Description of the task: Using the material below, repeat exactly the lines from the one with "Женское Бандажное платье" through the one with "- The Coin-A", ends included, without any images.

BEGIN

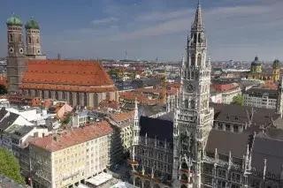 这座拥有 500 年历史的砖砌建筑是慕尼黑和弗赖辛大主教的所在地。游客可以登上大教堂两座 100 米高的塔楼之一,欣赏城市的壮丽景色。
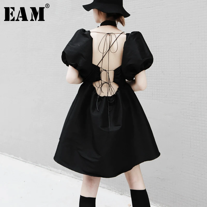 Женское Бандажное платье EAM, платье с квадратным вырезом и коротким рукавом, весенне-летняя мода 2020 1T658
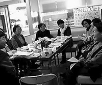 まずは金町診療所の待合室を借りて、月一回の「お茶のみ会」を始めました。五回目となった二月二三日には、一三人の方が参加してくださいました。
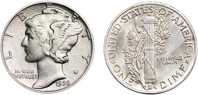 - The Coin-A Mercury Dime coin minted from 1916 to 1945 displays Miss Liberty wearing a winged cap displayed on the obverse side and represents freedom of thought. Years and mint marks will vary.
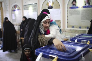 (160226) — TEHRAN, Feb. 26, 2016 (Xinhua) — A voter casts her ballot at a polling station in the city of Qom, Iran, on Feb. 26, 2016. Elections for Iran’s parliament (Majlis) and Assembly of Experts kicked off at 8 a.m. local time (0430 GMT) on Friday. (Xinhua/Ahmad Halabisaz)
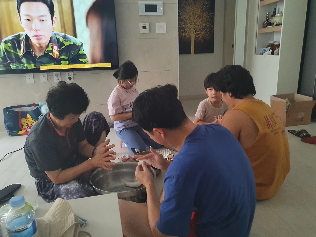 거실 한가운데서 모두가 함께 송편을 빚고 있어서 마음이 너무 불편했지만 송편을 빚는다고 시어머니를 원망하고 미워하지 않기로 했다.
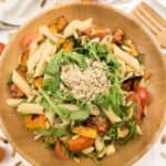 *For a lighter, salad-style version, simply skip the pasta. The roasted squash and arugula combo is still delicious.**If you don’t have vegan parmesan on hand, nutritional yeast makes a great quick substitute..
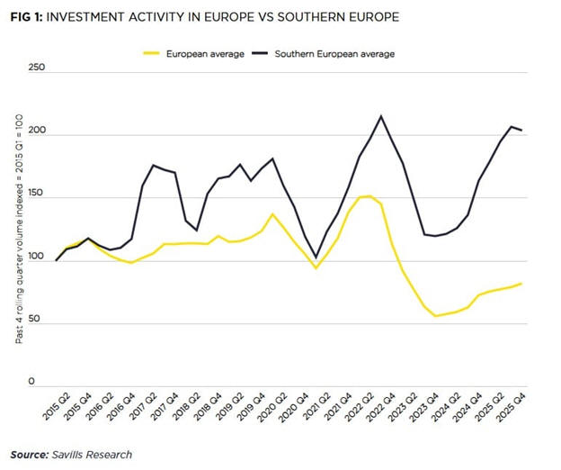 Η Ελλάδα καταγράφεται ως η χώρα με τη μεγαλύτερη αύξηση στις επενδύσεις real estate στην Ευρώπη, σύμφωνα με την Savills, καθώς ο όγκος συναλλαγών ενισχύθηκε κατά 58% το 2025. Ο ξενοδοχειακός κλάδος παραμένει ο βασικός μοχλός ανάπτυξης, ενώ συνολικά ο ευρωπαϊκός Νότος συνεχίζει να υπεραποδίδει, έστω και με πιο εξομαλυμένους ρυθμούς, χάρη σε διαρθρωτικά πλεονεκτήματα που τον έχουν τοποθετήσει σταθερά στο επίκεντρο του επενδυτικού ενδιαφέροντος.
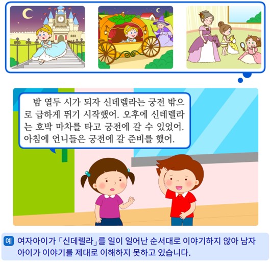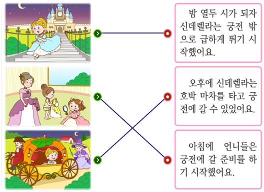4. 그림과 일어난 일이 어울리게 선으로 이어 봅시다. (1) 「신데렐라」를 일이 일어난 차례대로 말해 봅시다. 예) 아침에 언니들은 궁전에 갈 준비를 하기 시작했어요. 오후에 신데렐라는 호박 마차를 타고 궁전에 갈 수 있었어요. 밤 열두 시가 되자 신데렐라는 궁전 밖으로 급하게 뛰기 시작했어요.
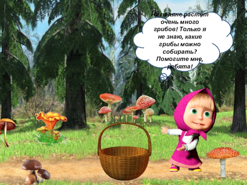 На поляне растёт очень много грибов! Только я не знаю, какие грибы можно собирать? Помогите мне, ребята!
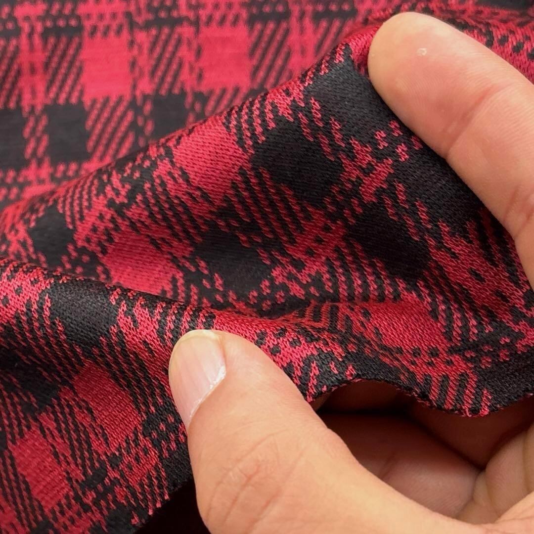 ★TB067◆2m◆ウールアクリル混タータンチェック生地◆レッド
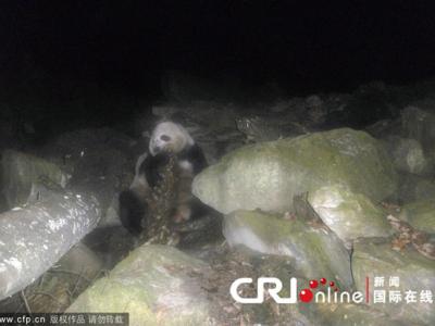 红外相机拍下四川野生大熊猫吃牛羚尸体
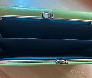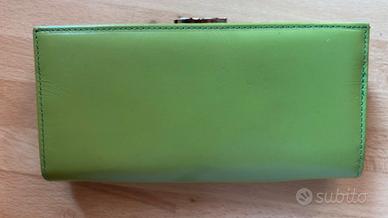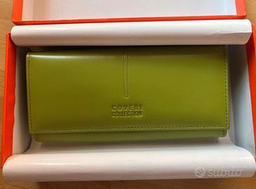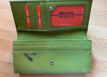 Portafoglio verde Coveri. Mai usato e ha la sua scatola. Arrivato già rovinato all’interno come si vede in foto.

END

Answer below:
 Женское Бандажное платье EAM, платье с квадратным вырезом и коротким рукавом, весенне-летняя мода 2020 1T658
 まずは金町診療所の待合室を借りて、月一回の「お茶のみ会」を始めました。五回目となった二月二三日には、一三人の方が参加してくださいました。
 - The Coin-A Mercury Dime coin minted from 1916 to 1945 displays Miss Liberty wearing a winged cap displayed on the obverse side and represents freedom of thought. Years and mint marks will vary.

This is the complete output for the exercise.